What’s more than the various legalization bills locking horns, the Republicans in the House as of late presented a bill seen as oppressive against MMJ clients in the work place. Republican House Bill 523 proposes that businesses don’t need to cover an employee’s legitimate use of medicinal cannabis and does not prevent managers from terminating, or declining to contract, somebody because of their need to utilize medical marijuana.
“A person who is discharged from employment because of that person’s use of medical marijuana shall be considered to have been discharged for just cause,” the GOP Bill says.

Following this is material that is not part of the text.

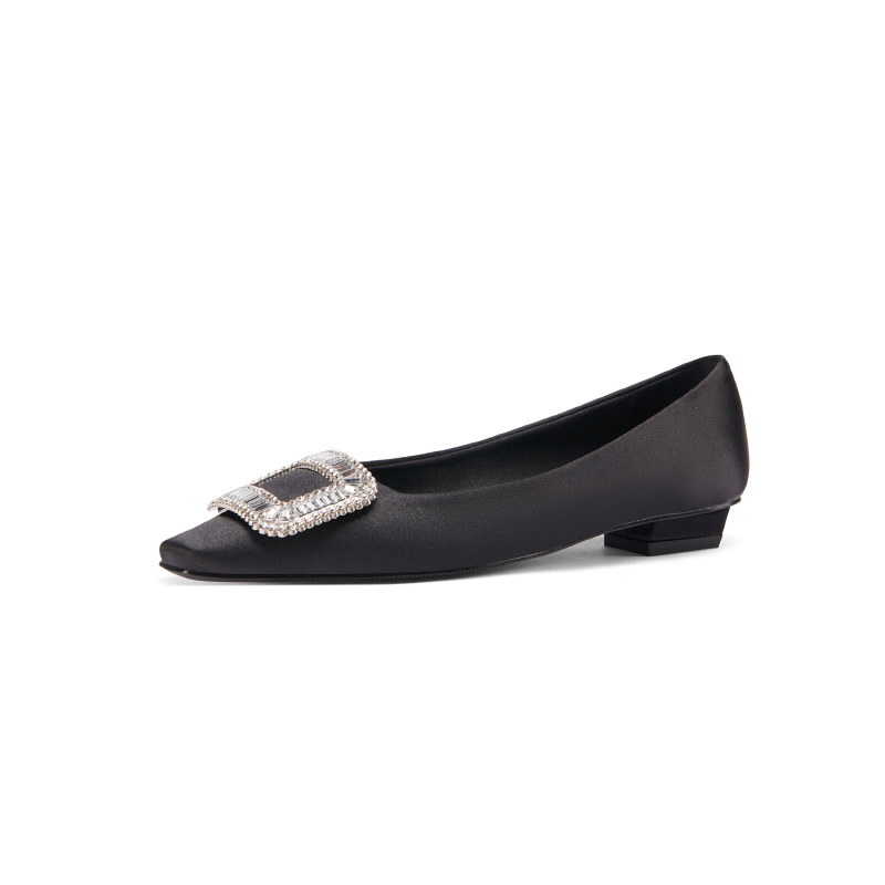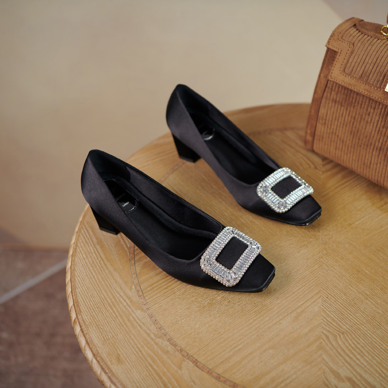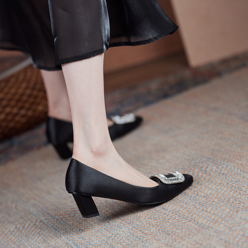 Black Single Shoe Woman 2022 New Spring Autumn Season Flat Bottom Shoes Heel Rough Heel Heels Heel Heels High Heel Heels

Ohio Marijuana Policy Project’s proposed bill particularly expresses the inverse—medical cannabis use ought to neither change nor influence the occupation relationship between a private business and a worker. United Ohio, a coalition of cannabis activists, said the Republican proposition risks patients’ wellbeing at the impulse of “changes in a political party” and puts patients and guardians at danger for being put into jail.
Declarations spoken at a meeting of a few Ohio Chambers of Commerce safeguarded businesses’ strategies, including drug screenings. The chambers additionally look to guarantee that laborers let go due to MMJ-related infringement can’t get unemployment benefits. At the same time, as the medical marijuana fight seethes in Ohio, there are the individuals who have become sick of sticking around.